Transcribe each line below verbatim; pictures excluded.

··· Data to use ···

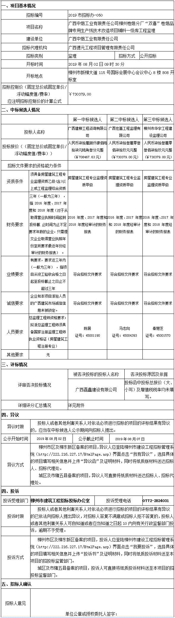 中标候选人公示(柳州卷烟分厂“双喜”卷烟品牌专用生产线技术改造项目辅料一级库工程监理)
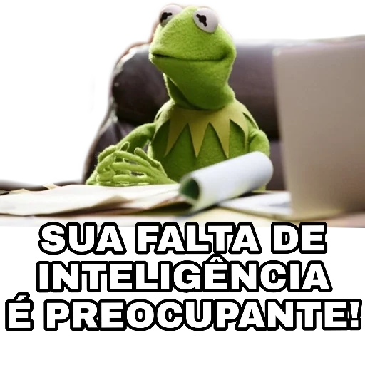 Kermit, o sapo do Muppet, sentado em frente a um computador com uma expressão séria, acompanhado do texto 'SUA FALTA DE INTELIGÊNCIA É PREOCUPANTE!'
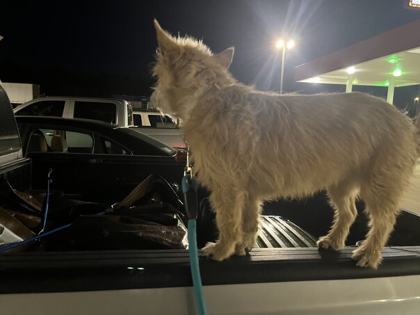 About halfway through the trip and somewhere in Louisiana, we stopped for some gas and caffeine and Rachel came upon a stray cat that was dumpster diving. Always the lover of felines, she grabbed some canned tuna for said cat and we spent a short while making sure it had a meal.
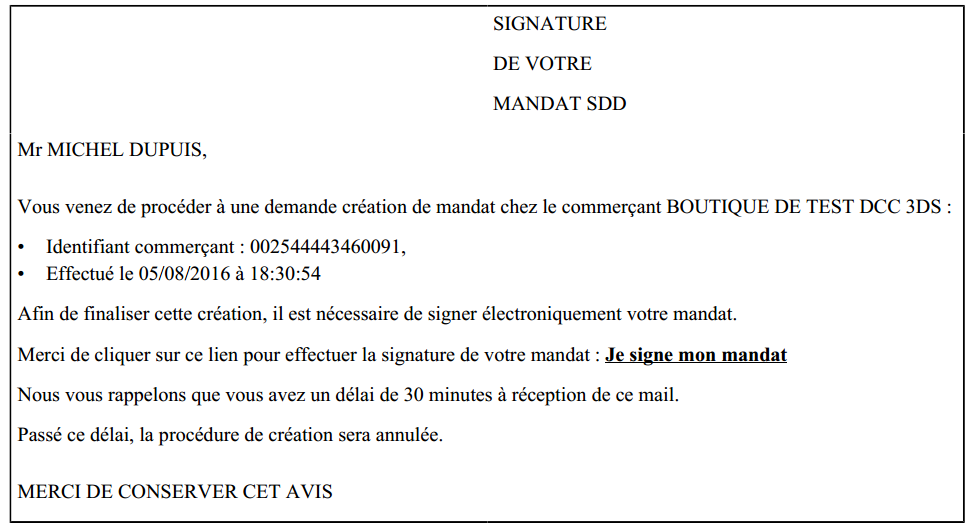 La page de confirmation de modification du mandat s'affiche :
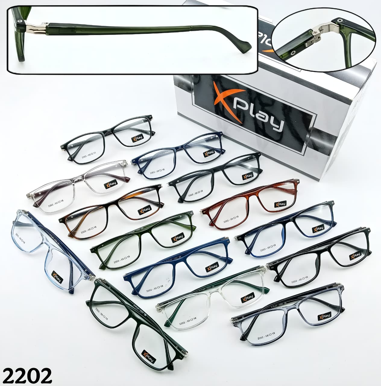 & Free ShippingX Play TR frames, 10 models 15pcs color mix box. Front & side TR with spring hinges. Box to box only. Price ₹75/-.

···

Task result:
 中标候选人公示(柳州卷烟分厂“双喜”卷烟品牌专用生产线技术改造项目辅料一级库工程监理)
 Kermit, o sapo do Muppet, sentado em frente a um computador com uma expressão séria, acompanhado do texto 'SUA FALTA DE INTELIGÊNCIA É PREOCUPANTE!'
 About halfway through the trip and somewhere in Louisiana, we stopped for some gas and caffeine and Rachel came upon a stray cat that was dumpster diving. Always the lover of felines, she grabbed some canned tuna for said cat and we spent a short while making sure it had a meal.
 La page de confirmation de modification du mandat s'affiche :
 & Free ShippingX Play TR frames, 10 models 15pcs color mix box. Front & side TR with spring hinges. Box to box only. Price ₹75/-.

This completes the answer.